_Required action_
Copy out every entry that follows, without a single picture.

(Items from a dataset)
━━━━━━━━━━━━━━━━

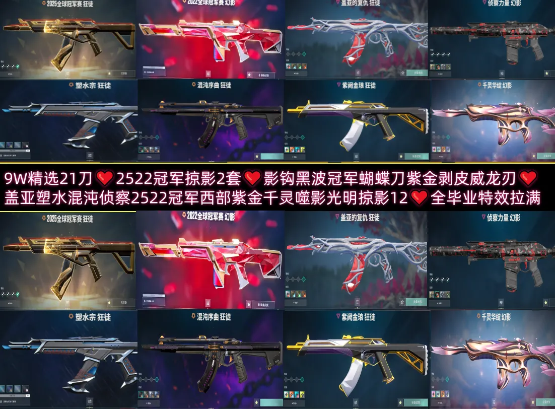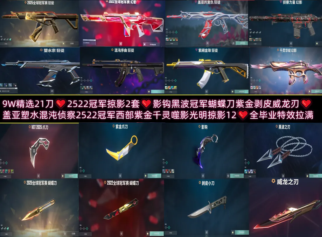 9W精选21刀❤️2522冠军掠影2套❤️影钩黑波冠军蝴蝶刀紫金剥皮威龙刃❤️
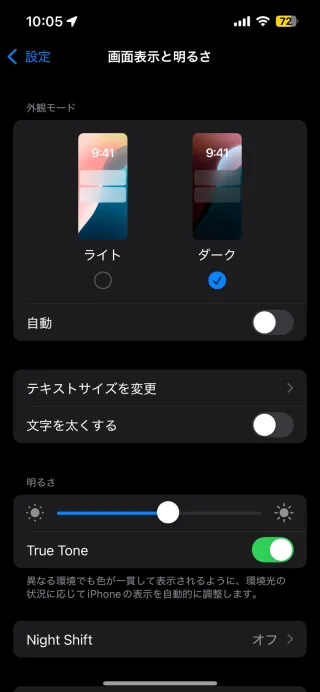 「自動」がオンになっていると、日中はライト、夜はダークに自動で切り替わるため、一定の見た目を維持したい場合はオフにしておくと良いです。
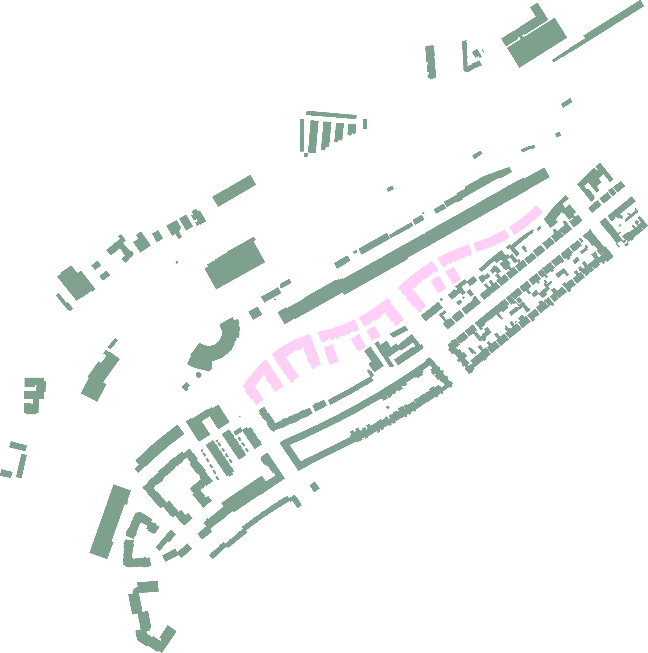 Nutzung im Norden: Die ehemaligen Güterhallen werden rekonstruiert und um neue Aufbauten ergänzt. Hier entstehen eine Kita, Fitnessangebote, Gastronomie, Kulturflächen, Co-Working-Spaces, ein Bäcker und ein Kiosk. Ein fünfgeschossiger Neubau bietet Mikroappartements für Studenten und Auszubildende, und ein Hotel mit 150 Zimmern rundet das Quartier ab.
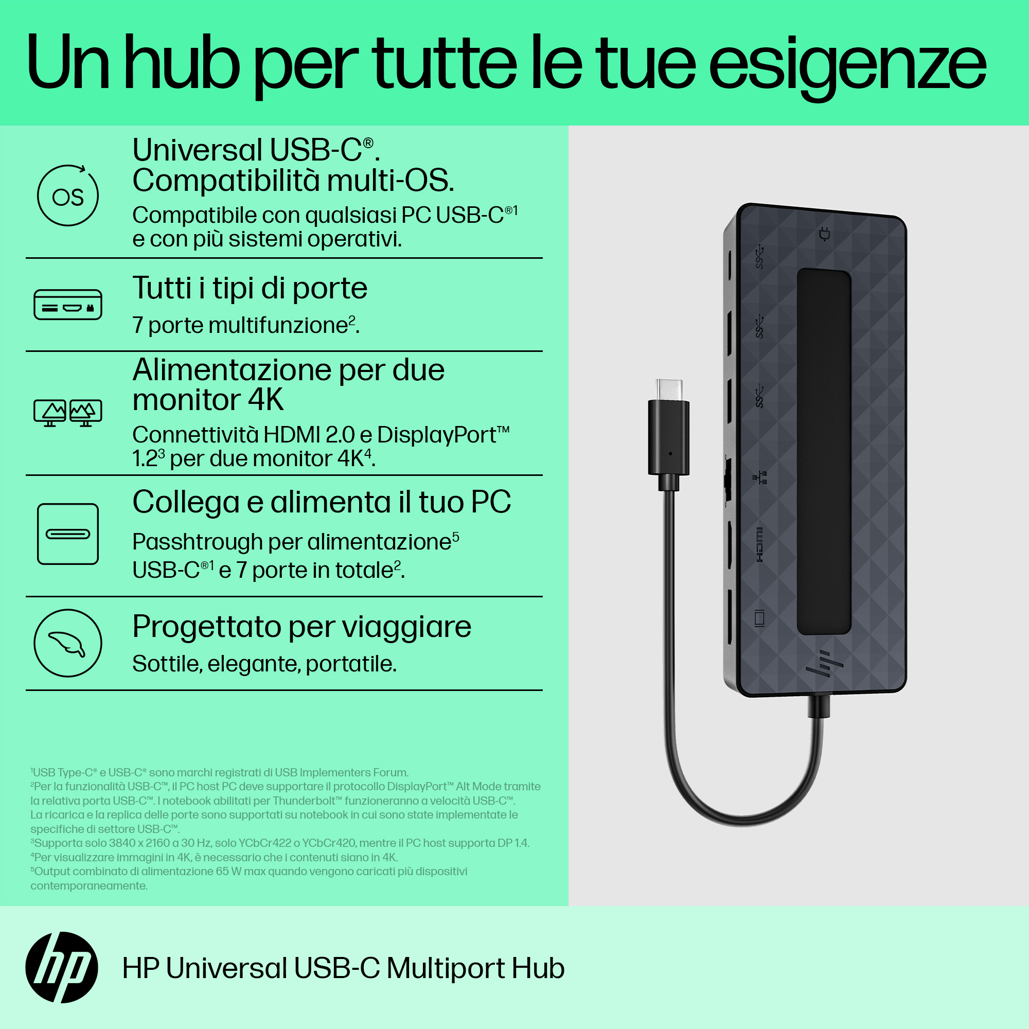 Accedete a un mondo di possibilità con HP Universal USB-C Multiport Hub, che ora supporta qualunque PC compatibile con USB-C[1]. 7 porte, 1 cavo passthrough per alimentazione e trasferimento e numerose porte per tutte le vostre esigenze. Supporta inoltre due monitor 4K[2] tramite HDMI 2.0 e 1 DisplayPort™ 1.2. Tutto il necessario per restare connessi in un unico hub.
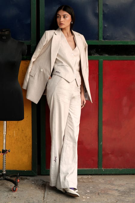 Off White waistcoat in handloom cotton with a fitted silhouette and front button closure. Clean seam construction maintains a structured finish.

━━━━━━━━━━━━━━━━

_Exercise result_
 9W精选21刀❤️2522冠军掠影2套❤️影钩黑波冠军蝴蝶刀紫金剥皮威龙刃❤️
 「自動」がオンになっていると、日中はライト、夜はダークに自動で切り替わるため、一定の見た目を維持したい場合はオフにしておくと良いです。
 Nutzung im Norden: Die ehemaligen Güterhallen werden rekonstruiert und um neue Aufbauten ergänzt. Hier entstehen eine Kita, Fitnessangebote, Gastronomie, Kulturflächen, Co-Working-Spaces, ein Bäcker und ein Kiosk. Ein fünfgeschossiger Neubau bietet Mikroappartements für Studenten und Auszubildende, und ein Hotel mit 150 Zimmern rundet das Quartier ab.
 Accedete a un mondo di possibilità con HP Universal USB-C Multiport Hub, che ora supporta qualunque PC compatibile con USB-C[1]. 7 porte, 1 cavo passthrough per alimentazione e trasferimento e numerose porte per tutte le vostre esigenze. Supporta inoltre due monitor 4K[2] tramite HDMI 2.0 e 1 DisplayPort™ 1.2. Tutto il necessario per restare connessi in un unico hub.
 Off White waistcoat in handloom cotton with a fitted silhouette and front button closure. Clean seam construction maintains a structured finish.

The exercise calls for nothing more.